Archive for February, 2012

Global supply chain vulnerability

February 20, 2012 1 comment

Since globalization has boosted markets competitiveness, industrial companies have  relied on offshoring and outsourcing initiatives. Such initiatives have led to high network complexity and high inter-dependency among supply chain organizations, thus fostering supply chain vulnerability.

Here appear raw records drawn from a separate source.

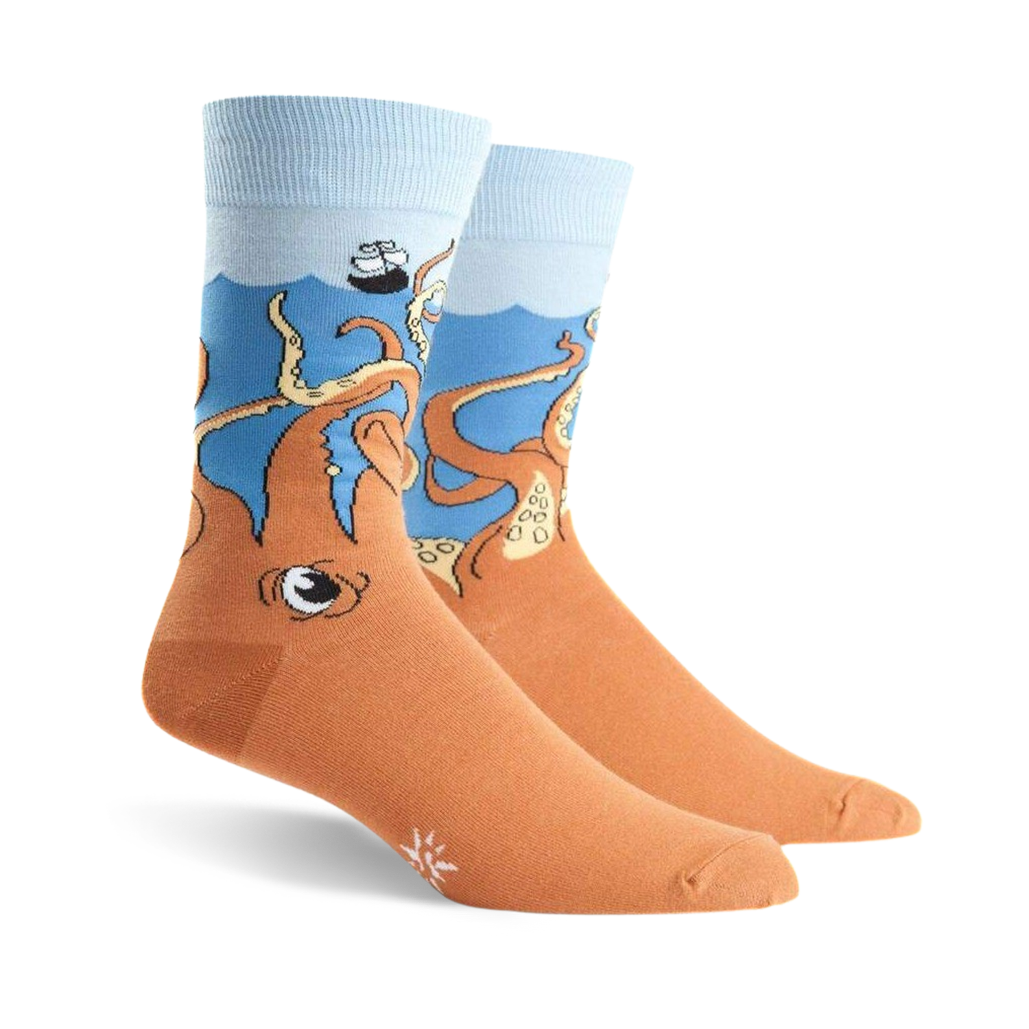 Meet Squid-O, the orange crew socks with a blue toe and heel. Adorned with an adorable orange octopus with big blue eyes, these socks depict the aquatic adventure of Squid-O as he journeys through deep blue waters. Join Squid-O on his underwater explorations and unleash your inner sea adventurer!
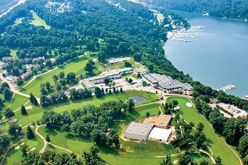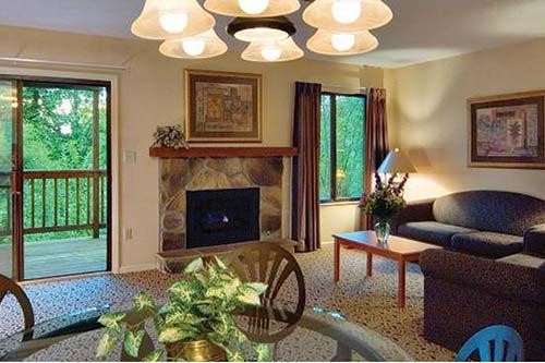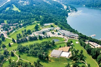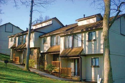 These townhouses are set in the hills of northern West Virginia, overlooking Cheat Lake and bordering two 18-hole championship golf courses. On-site amenities include two restaurants and a lounge, swimming pools, tennis courts, a full-service spa and salon, and an adult fitness and sports center (for guests aged 16 and older to utilize). Major ski areas are just an hour away.
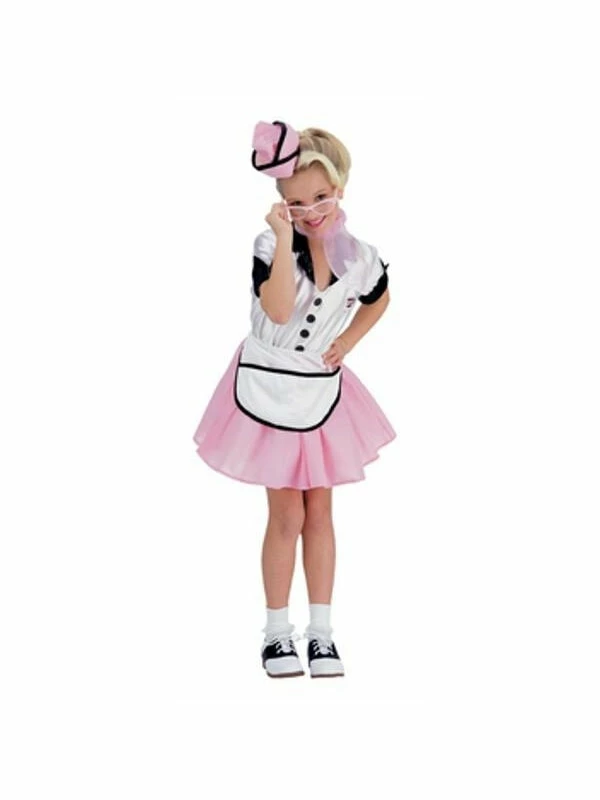 Our child’s soda pop girl costume is a cute, retro costume that looks just like a pink 50’s waitress outfit from the good old days.
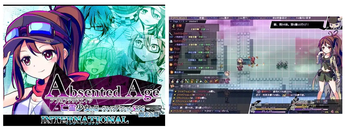 アブセンテッドエイジは非戦闘時はARPG、戦闘中はSRPG(ローグライク戦闘)で展開される新感覚のミックスジャンルゲームです。
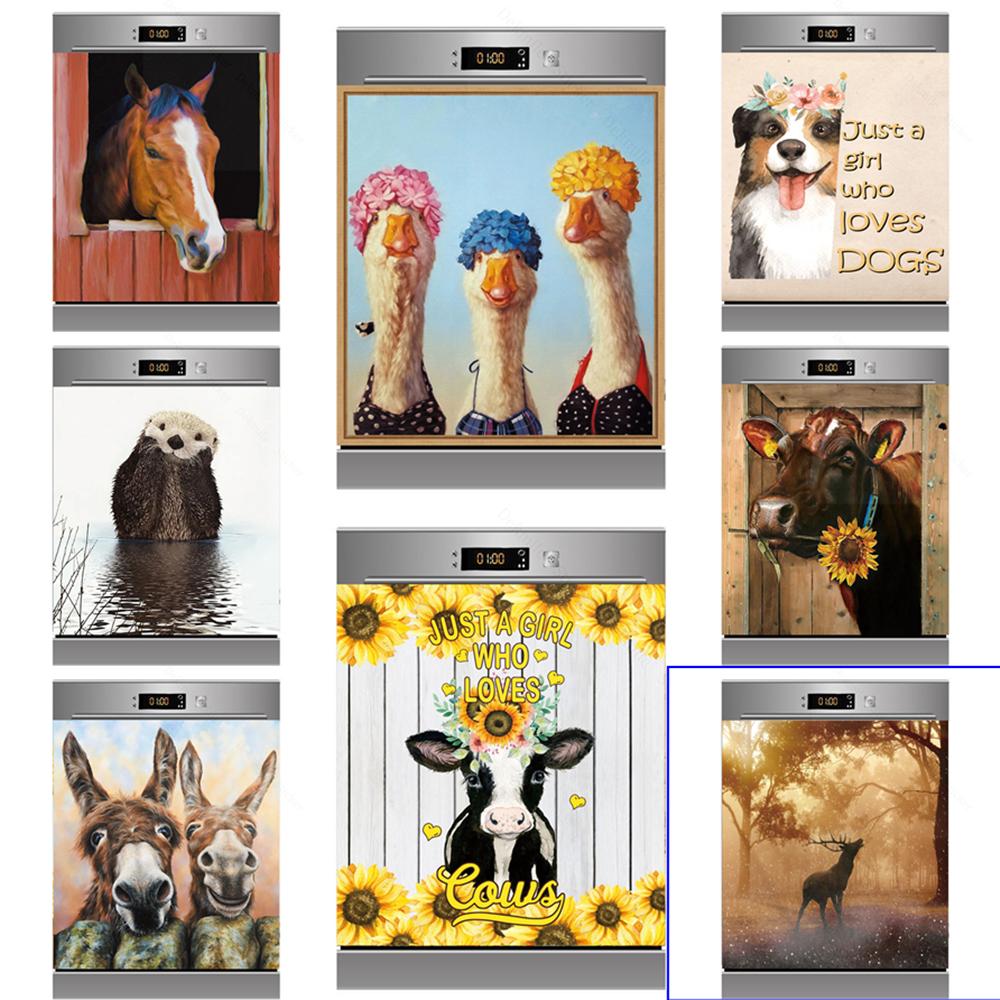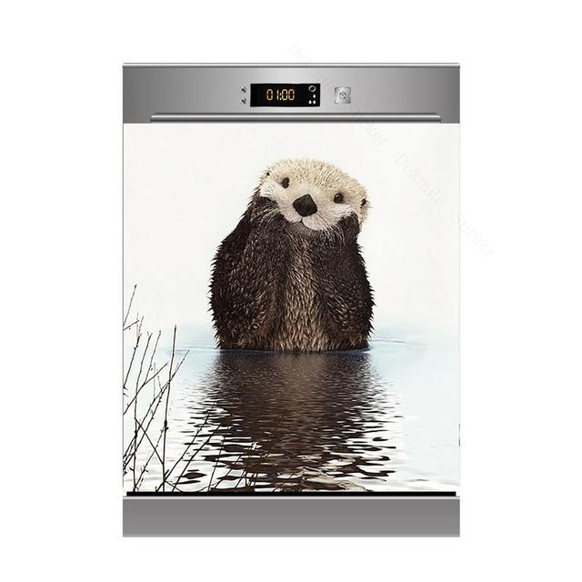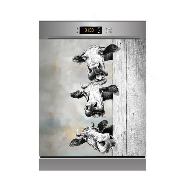 3D креативный рисунок забавных животных, художественный дизайн, самоклеящаяся наклейка на дверь холодильника, посудомоечной машины, обои, наклейка на стену, кухня
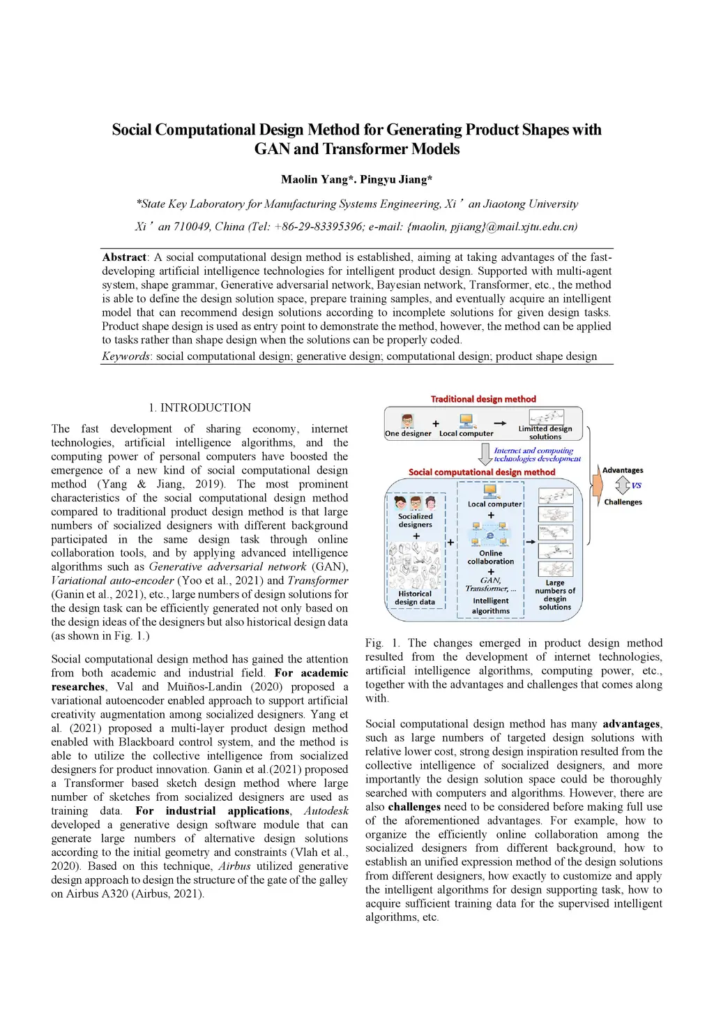 A social computational design method is established, aiming at taking advantages of the fast-developing artificial intelligence technologies for intelligent product design. Supported with multi-agent system, shape grammar, Generative adversarial network, Bayesian network, Transformer, etc., the method is able to define the design solution space, prepare training samples, and eventually acquire an intelligent model that can recommend design solutions according to incomplete solutions for given design tasks. Product shape design is used as entry point to demonstrate the method, however, the method can be applied to tasks rather than shape design when the solutions can be properly coded.
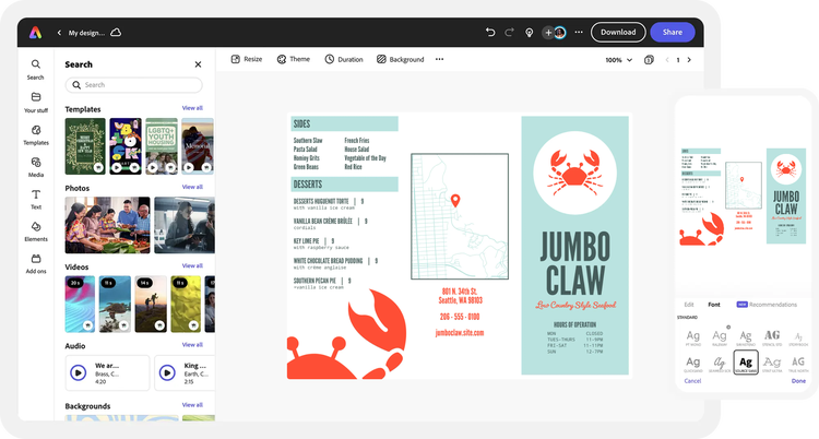 Easily get started in Adobe Express.
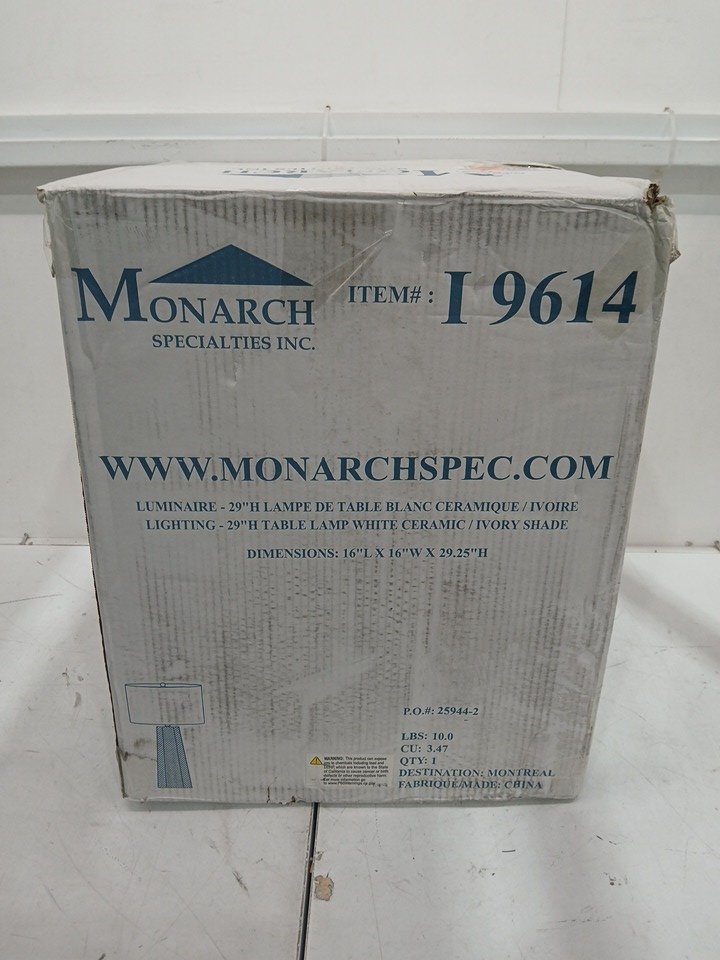 Monarch Specialties Lighting Table Lamp - 29" -White Ceramic, Ivory/Cream Shade - (Model- I 9614)

CNN  recently reports that global supply chains seem to be very fragile.  Natural events have shown how multinational networks are greatly exposed to different disturbances that can lead to material flows obstructions and to the breakdown of supply chain operations. Natural hazard (i.e. the unpredictable occurrence of an adverse events such as earthquake, tsunami, blazes) is one of the most relevant supply chain risk whose consequences result in the inability to continuously satisfy final markets. Scientific literature (Hendricks and Singhal, 2005) demonstrates that when such kinds of risks occur, supply chain partners will experience production and/or shipment delays, an increased in their equity risk, an increased in their asset risk and an increased in their financial leverage, thus reducing supply chain overall performance.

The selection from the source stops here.